*Records for this exercise:*
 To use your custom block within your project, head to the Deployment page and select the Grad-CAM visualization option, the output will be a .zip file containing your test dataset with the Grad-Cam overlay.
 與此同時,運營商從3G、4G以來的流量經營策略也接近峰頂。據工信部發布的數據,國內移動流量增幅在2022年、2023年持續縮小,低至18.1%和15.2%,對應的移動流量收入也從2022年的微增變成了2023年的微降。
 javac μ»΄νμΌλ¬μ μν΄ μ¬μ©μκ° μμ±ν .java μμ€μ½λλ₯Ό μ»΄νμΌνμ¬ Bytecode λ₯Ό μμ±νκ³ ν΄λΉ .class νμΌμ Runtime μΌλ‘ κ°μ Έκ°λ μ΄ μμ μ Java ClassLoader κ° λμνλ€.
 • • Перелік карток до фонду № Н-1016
==
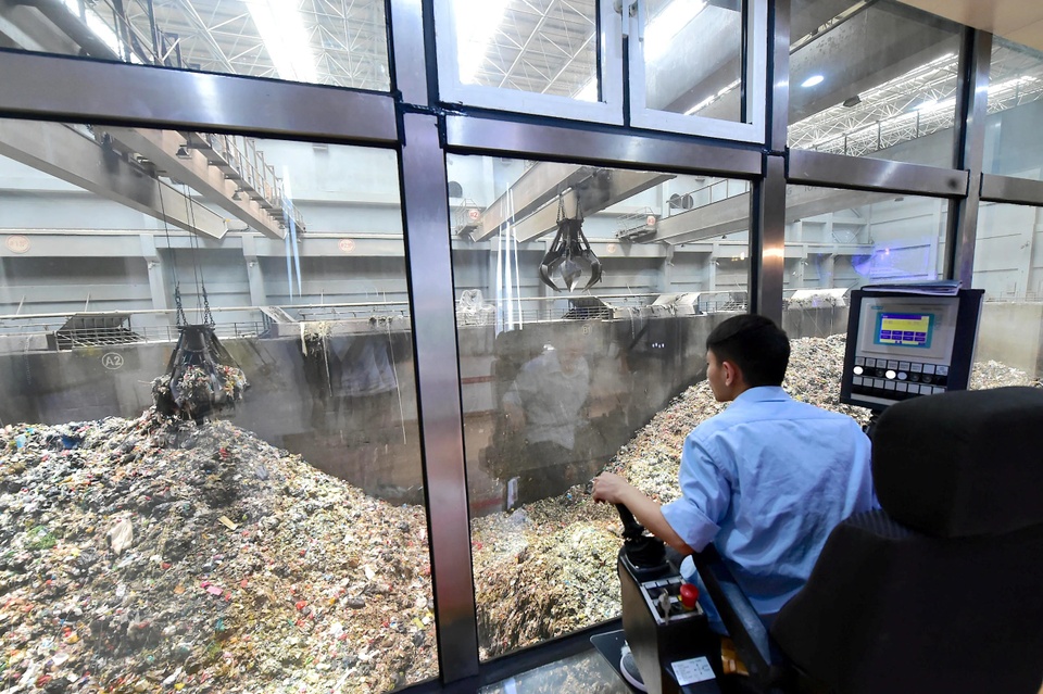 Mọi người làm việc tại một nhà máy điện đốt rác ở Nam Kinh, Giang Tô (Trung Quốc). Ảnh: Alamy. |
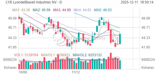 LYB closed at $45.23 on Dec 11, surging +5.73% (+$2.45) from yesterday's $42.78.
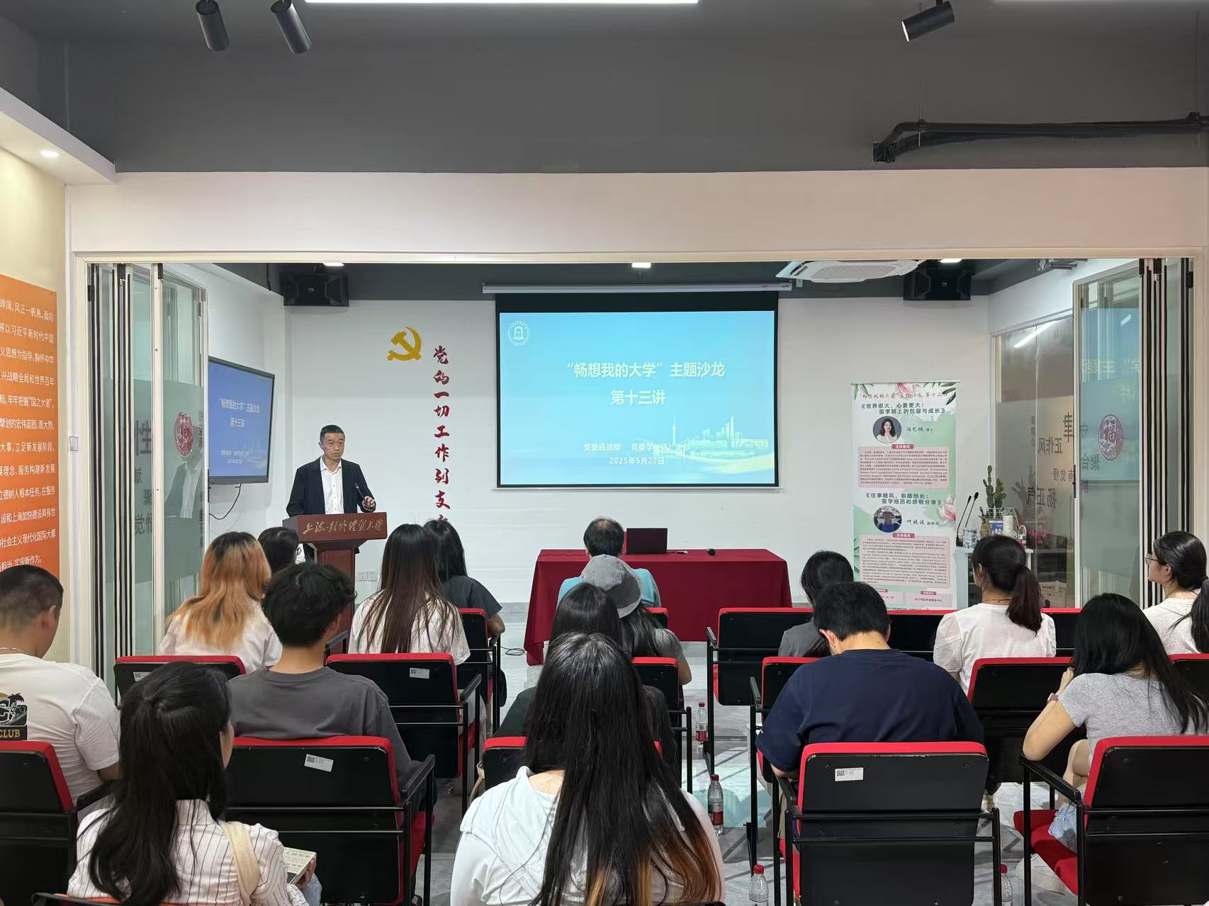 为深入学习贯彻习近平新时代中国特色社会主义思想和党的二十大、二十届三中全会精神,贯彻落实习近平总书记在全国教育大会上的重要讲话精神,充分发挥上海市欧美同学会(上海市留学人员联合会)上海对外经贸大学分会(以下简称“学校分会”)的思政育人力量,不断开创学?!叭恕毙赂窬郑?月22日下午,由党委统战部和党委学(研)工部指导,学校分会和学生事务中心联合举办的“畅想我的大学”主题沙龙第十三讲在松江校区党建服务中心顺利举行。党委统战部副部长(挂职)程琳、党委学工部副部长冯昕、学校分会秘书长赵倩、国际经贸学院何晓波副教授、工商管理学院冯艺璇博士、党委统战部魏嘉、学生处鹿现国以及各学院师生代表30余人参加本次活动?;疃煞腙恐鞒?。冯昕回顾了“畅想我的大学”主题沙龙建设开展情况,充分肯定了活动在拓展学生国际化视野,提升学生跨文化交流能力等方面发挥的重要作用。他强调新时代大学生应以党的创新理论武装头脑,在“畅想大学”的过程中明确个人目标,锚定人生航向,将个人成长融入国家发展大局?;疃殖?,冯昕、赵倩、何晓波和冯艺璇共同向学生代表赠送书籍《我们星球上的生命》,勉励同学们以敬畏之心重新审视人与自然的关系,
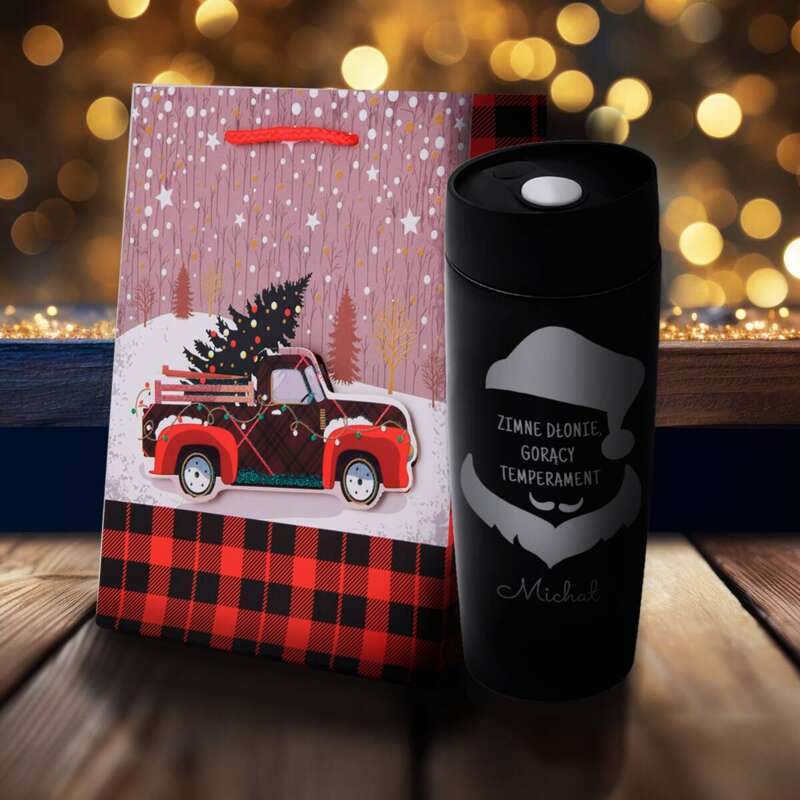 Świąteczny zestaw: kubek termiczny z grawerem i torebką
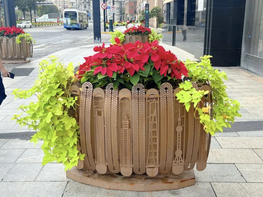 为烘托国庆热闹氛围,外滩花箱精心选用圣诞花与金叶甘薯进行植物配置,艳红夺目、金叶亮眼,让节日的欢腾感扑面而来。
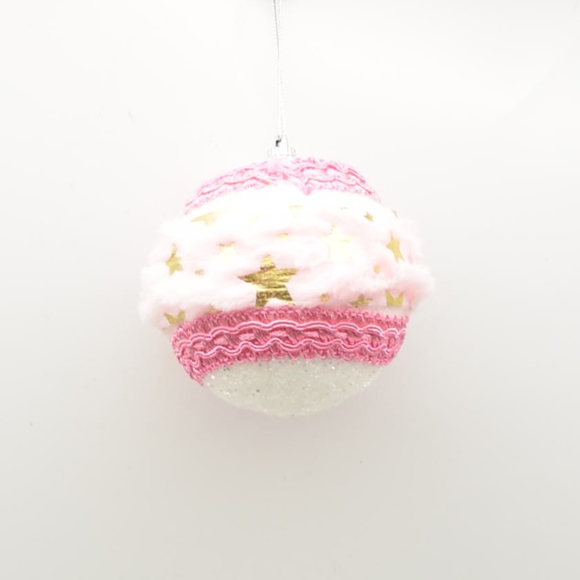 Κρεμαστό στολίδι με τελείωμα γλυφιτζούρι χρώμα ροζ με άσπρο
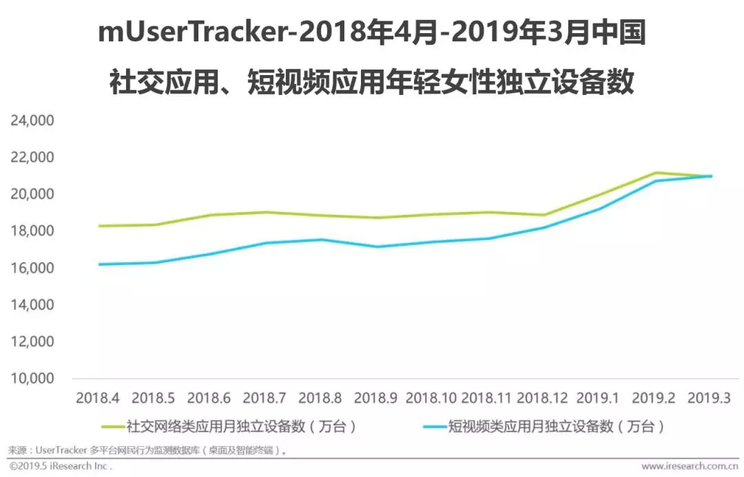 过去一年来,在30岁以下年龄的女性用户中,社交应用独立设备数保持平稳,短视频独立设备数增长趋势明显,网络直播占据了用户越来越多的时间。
* * *
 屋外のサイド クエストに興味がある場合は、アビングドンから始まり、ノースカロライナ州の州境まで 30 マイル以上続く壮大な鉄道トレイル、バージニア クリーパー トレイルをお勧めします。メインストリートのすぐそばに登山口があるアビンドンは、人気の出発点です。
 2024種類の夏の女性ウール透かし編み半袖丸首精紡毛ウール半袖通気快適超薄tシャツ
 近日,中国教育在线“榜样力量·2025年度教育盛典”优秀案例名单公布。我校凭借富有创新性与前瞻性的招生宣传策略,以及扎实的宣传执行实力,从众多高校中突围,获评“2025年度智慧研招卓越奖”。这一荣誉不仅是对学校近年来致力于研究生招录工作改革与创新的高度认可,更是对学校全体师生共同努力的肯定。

*Task:*
Copy, exactly and only, the lines above that begin with the one containing "與此同時,運營商從3G、4G" and finish with the one containing "фонду № Н-1016".

*Response area:*
 與此同時,運營商從3G、4G以來的流量經營策略也接近峰頂。據工信部發布的數據,國內移動流量增幅在2022年、2023年持續縮小,低至18.1%和15.2%,對應的移動流量收入也從2022年的微增變成了2023年的微降。
 javac μ»΄νμΌλ¬μ μν΄ μ¬μ©μκ° μμ±ν .java μμ€μ½λλ₯Ό μ»΄νμΌνμ¬ Bytecode λ₯Ό μμ±νκ³ ν΄λΉ .class νμΌμ Runtime μΌλ‘ κ°μ Έκ°λ μ΄ μμ μ Java ClassLoader κ° λμνλ€.
 • • Перелік карток до фонду № Н-1016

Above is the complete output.